Historic church in Nebraska, United States

Salem Swedish Methodist Episcopal Church (also known as John Fletcher Christian College Chapel) is a Methodist church complex in Kearney County, Nebraska, southwest of Axtell, Nebraska.

== History ==
The church was founded in 1883 to cater to the growing number of Swedish immigrants to Nebraska. The first church was erected in 1884 before being rebuilt in 1898. The church was originally set up as a Lutheran Augustinian church but due to dissatisfaction from the congregation, whom felt it was too much like the Church of Sweden, redenominated it into a Methodist church. It has served Methodism since then, though it has been run by different Methodist denominations throughout its existence. In 1972, the United Methodist Church sold it to the Evangelical Wesleyan Church. The campus of the John Fletcher Christian College and Academy, which was founded in 1968, was moved to this location.
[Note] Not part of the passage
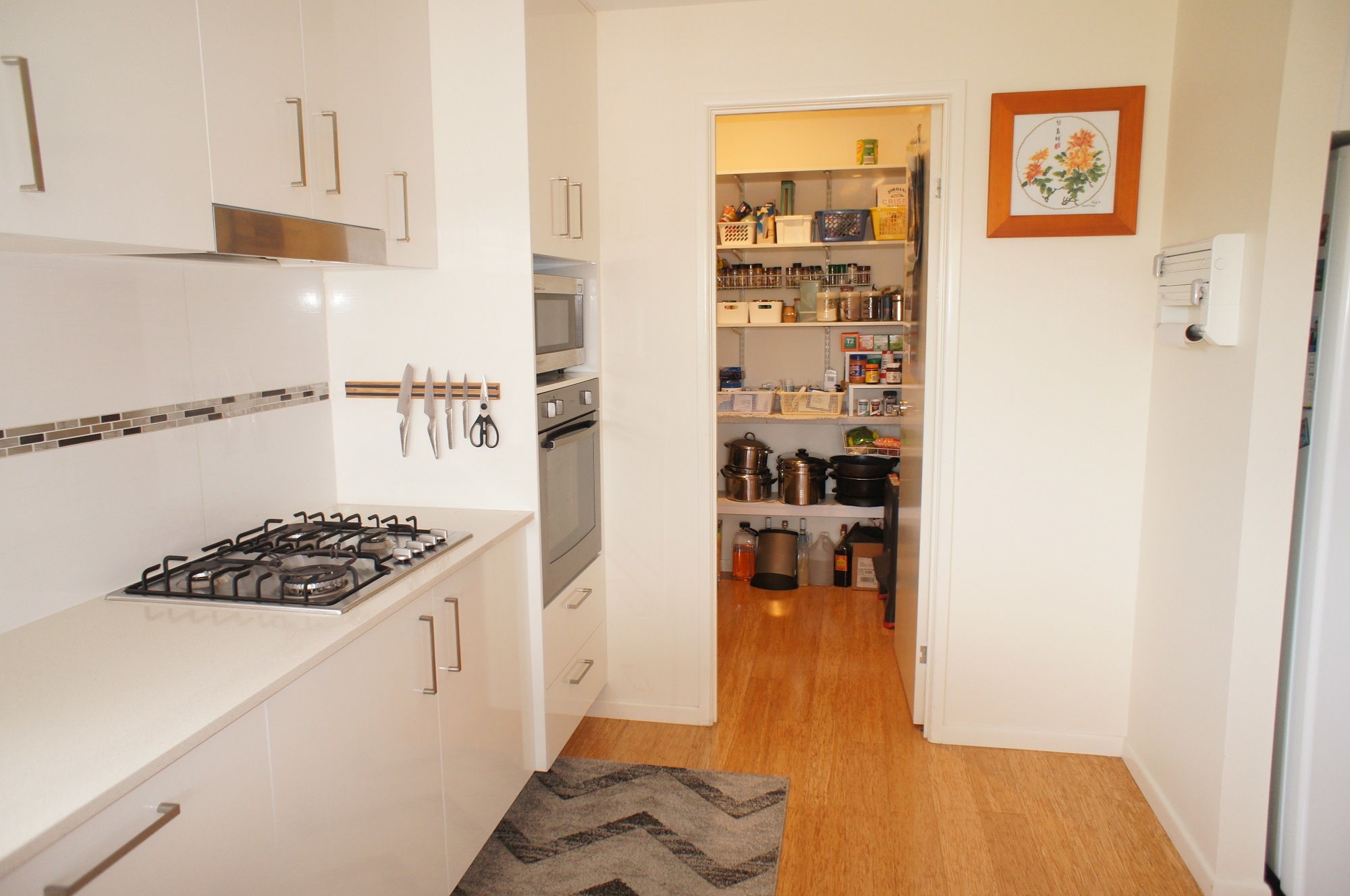 With all the bells and whistles of a modern contemporary home, including self-closing drawers, hidden dishwasher, walk-in pantry and refreshing bamboo floors.

John Fletcher Christian College trained ministers to serve in the Evangelical Wesleyan Church, a Methodist denomination aligned with the conservative holiness movement; it had an emphasis on the historic liturgy promulgated by John Wesley in The Sunday Service of the Methodists. The seminary functioned until 1995, the year the wife of its president, Larry Smith, died in an automobile accident.

== Design ==
The current church was built with Late Victorian/Late Carpenter Gothic style. There was a transition from the old church being in more of a traditional Swedish style whereas the new church was in more of a contemporary American gothic style. It was added to the National Register of Historic Places in 1982. The listing includes the church, a parsonage (1883), a cemetery, and a school, located on the campus of the John Fletcher Christian College and Academy.